Coca-Cola Amatil (ASX: CCA) issued a statement (link opens in PDF) last week outlining its plans to reinvigorate SPC Ardmona, its failing fruit business. According to Peter Kelly, SPC Ardmona Managing Director, unfair competition is at the root of the company’s rotten revenue.
“We are not competing on a level playing field against the overseas sourced private label products,” said Kelly in a statement. “We are competing against products from countries that have considerably lower labour and production costs and arguably lower quality standards than we have in Australia.”
Kelly also noted that a 50% appreciation in the Australian dollar over the past four years has increased imports’ competitiveness, regardless of labour prices or product quality. According to SPC Ardmona, its market share of private label canned fruit has declined to 33%, while exports have plummeted 90% in the past five years.
CCA’s 2012 annual report tells a similar story for the fruit company’s lacklustre finances last year.
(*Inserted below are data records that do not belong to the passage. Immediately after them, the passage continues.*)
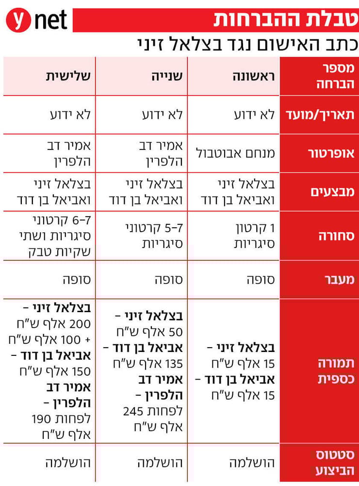 בכתב האישום תואר בין השאר כי חודש לאחר ההברחה השלישית, אמר זיני לאביאל בן דוד שיש לו מכר ביחידה 8200 שטען בפניו שעלולים לעלות עליהם - ושיש לו את היכולת לסייע להם, כך שפרטיהם לא יופיעו במערכת. בתמורה לכך, תואר, זיני הסביר שהתבקש לארגן עבור יחידתו של המכר ציוד צבאי. זיני, כך נכתב, ביקש מאביאל כ-100 אלף שקלים - וזה נעתר לבקשה והעביר לו אותם. כתב האישום לא מפרט מה עלה בגורל אותה בקשה, מה עשה זיני בכסף - ואם המכר בכלל קיים.
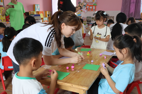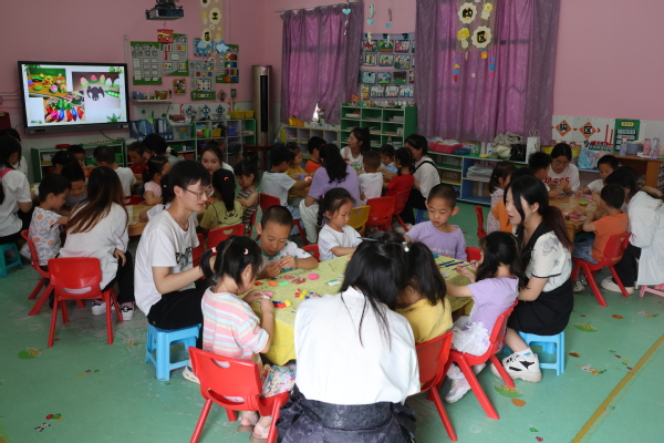活动过程中,同学们充分发挥专业优势,通过生动形象的讲解,向小朋友们详细介绍了端午节的历史渊源、传统习俗等知识。小朋友们踊跃参与问答互动,现场热闹非凡。讲解过后,学生们耐心地指导孩子们用橡皮泥制作粽子,为龙舟上色、画画。活动现场孩子们认真专注,充满欢声笑语。活动尾声,学生们给孩子们送上了自己准备的小礼物并合照留念。
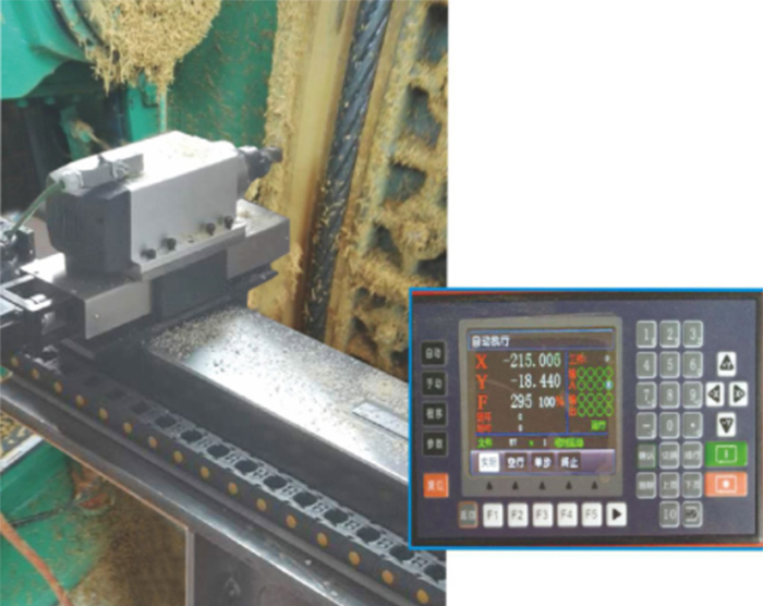 矿山竖井摩擦提升绞车厚擦衬垫是生产及安全的重要元件,摩擦衬垫的绳槽圆整度、各绳槽的底径一致性、绳槽的平行性这些指标参数是保证提升系统额定载荷、各提升钢丝绳张力差、运行震动频率和安全高效提升的重要保证。目前对绳槽加工的方式主要由人工手动车削,其工艺由于操作工技术能力高低不同及手动车削工艺的原因,绳槽车削后质量参数不能达到较佳,后期运行中导致钢丝绳窜绳、震动、张力偏差、提升能力差、溜车等不安全状况的发生。“智能绳槽旋铣机”采用车铣复合加工工艺,应用PLC程序控制,实现高精度、高自动化的新标准。不但改变了矿井提升机摩擦衬垫传统的切削工艺,而且解决了天轮衬垫无法车削的问题。是针对矿井主提升机及天轮衬垫绳槽切削的一种专用机床。相比传统的车削加工,该机床具有留能进刀、铣削速度快等特点,有效地解决了老式切削设备切削绳措时存在的啃刀、震刀、切削精度低,并且车铣复合加工更容易排屑、热变形量小,几乎不会产生由于离心力导致的工件变形。通过智能系统控制实现绳槽的高精度、高效率、稳定可靠的切削加工,绳槽成型面与钢丝绳的贴合,延长了钢丝绳的磨损周期,对钢丝绳起到很好的保护作用,延长衬垫使用寿命,提高摩据驱动系统的稳定性,能够很好的满足客户的需求。该机床纯中文界面,操作简单,节约绳槽切削工作占用的检修时间,提高生产效率,减轻工人的劳动强度,杜绝工人近距离操作的危险性,是矿井提升机绳槽维护的利器。“智能绳槽旋铣机”的应用,是减少劳动力、提高设备使用效率、节约成本,实现自动化维护的新型装备。
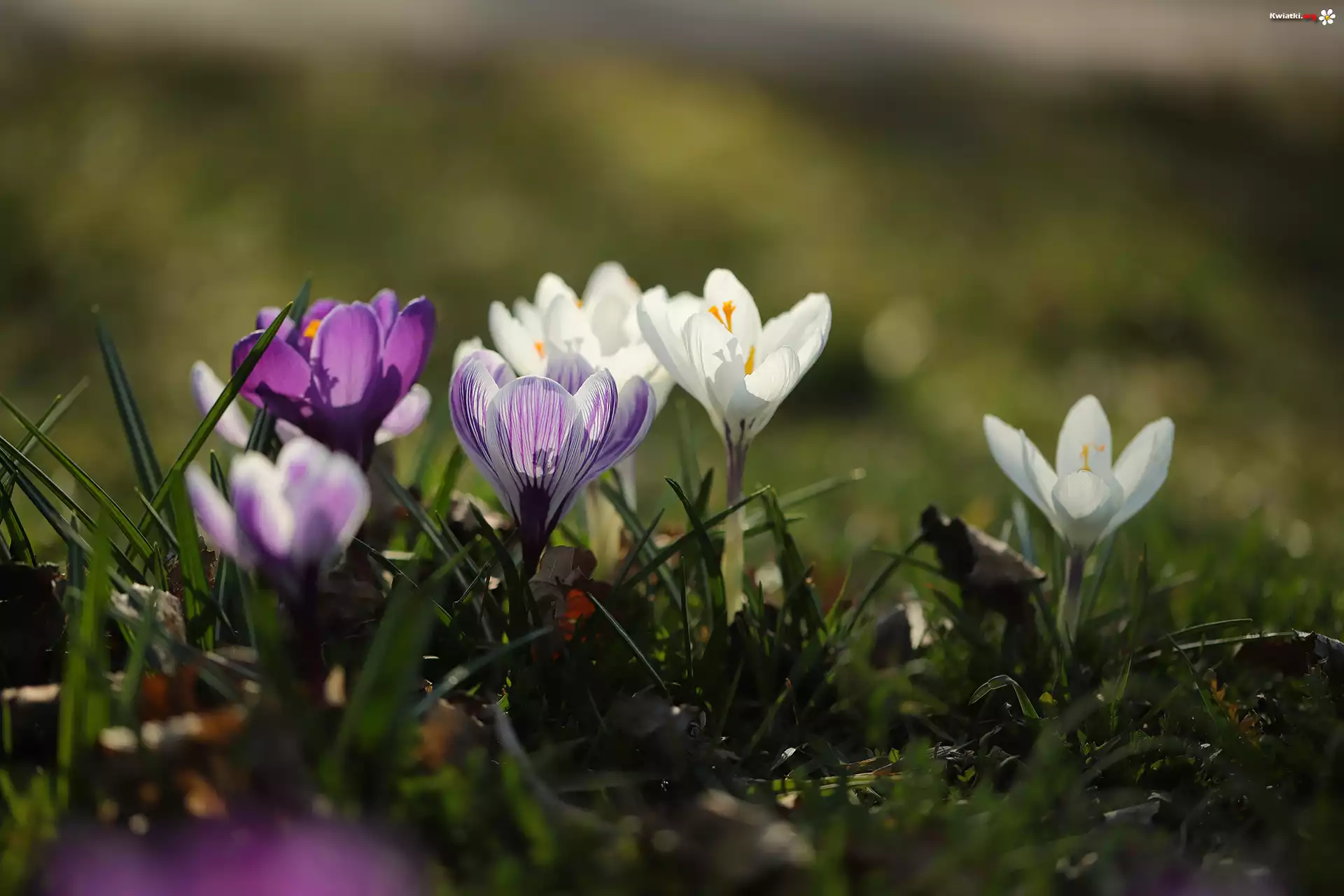 Kwiat Fioletowe, Białe, Krokusy, Kwiaty
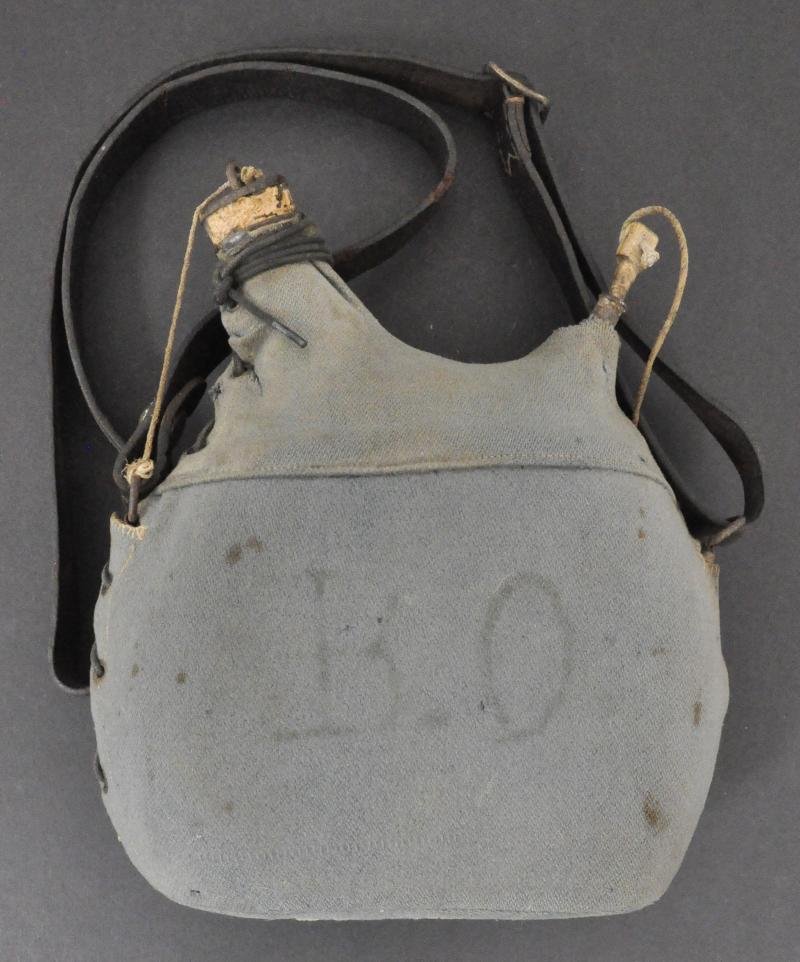 A WW1 French 2L waterbottle in light blue material & in quite excellent condition. Made of a smooth blue almost felt like wool this is yet another excellent example of the myriad of different materials used in the construction of items from this period & indicative of the late 1914 early 1915 period when the standard uniform colour was changed to light 'Horizon' blue as we know it now. This size of 2 Litre bottle was on general issue to front line combat troops as of 1914 thereby replacing the scarcer 1 Litre version which was used prior to the outbreak of WW1. Off white nametag to bottom , name washed out , leather carrying strap still supple & with early brass buckle & stud indicative of the earliest of issues.
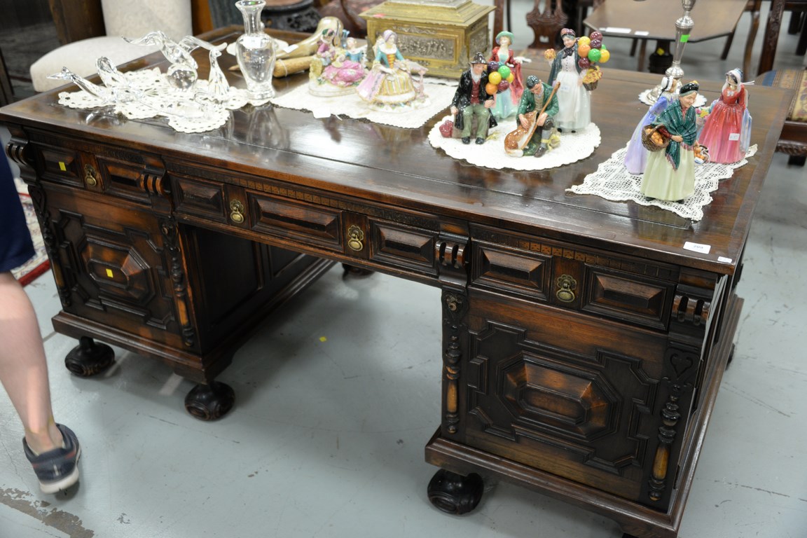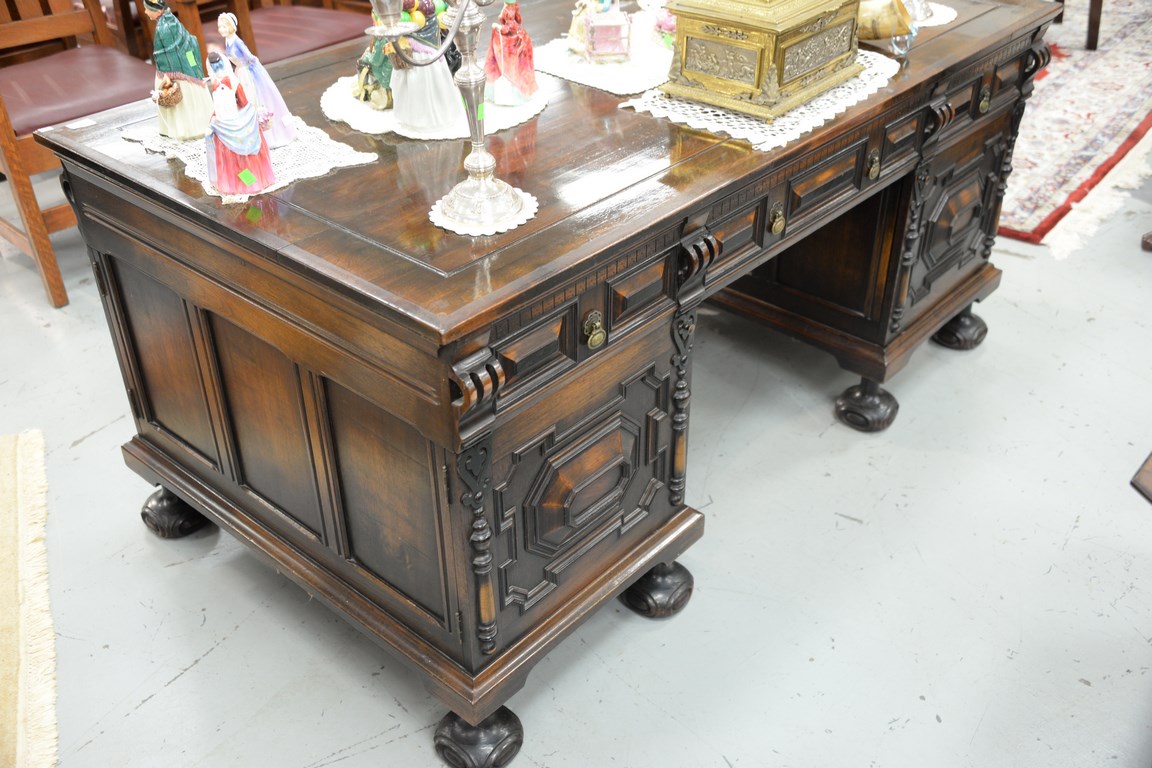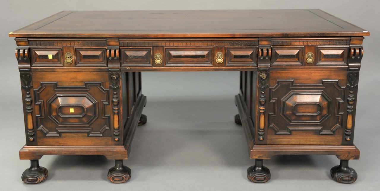 Lot 209: Walnut executive partner’s kneehole desk, Jacobean style, early 20th century. ht. 30 1/2 in. top: 35 x 66

As part of a three-year turnaround initiative, SPC Ardmona hopes to grow demand for locally-sourced fruit, apply for a WTO safeguards submission to temporarily subsidize its market, and investigate potential anti-dumping actions against importers.
Looking ahead, the company will meet with all impacted fruit growers over the next few weeks to discuss further and assess strategies for moving forward.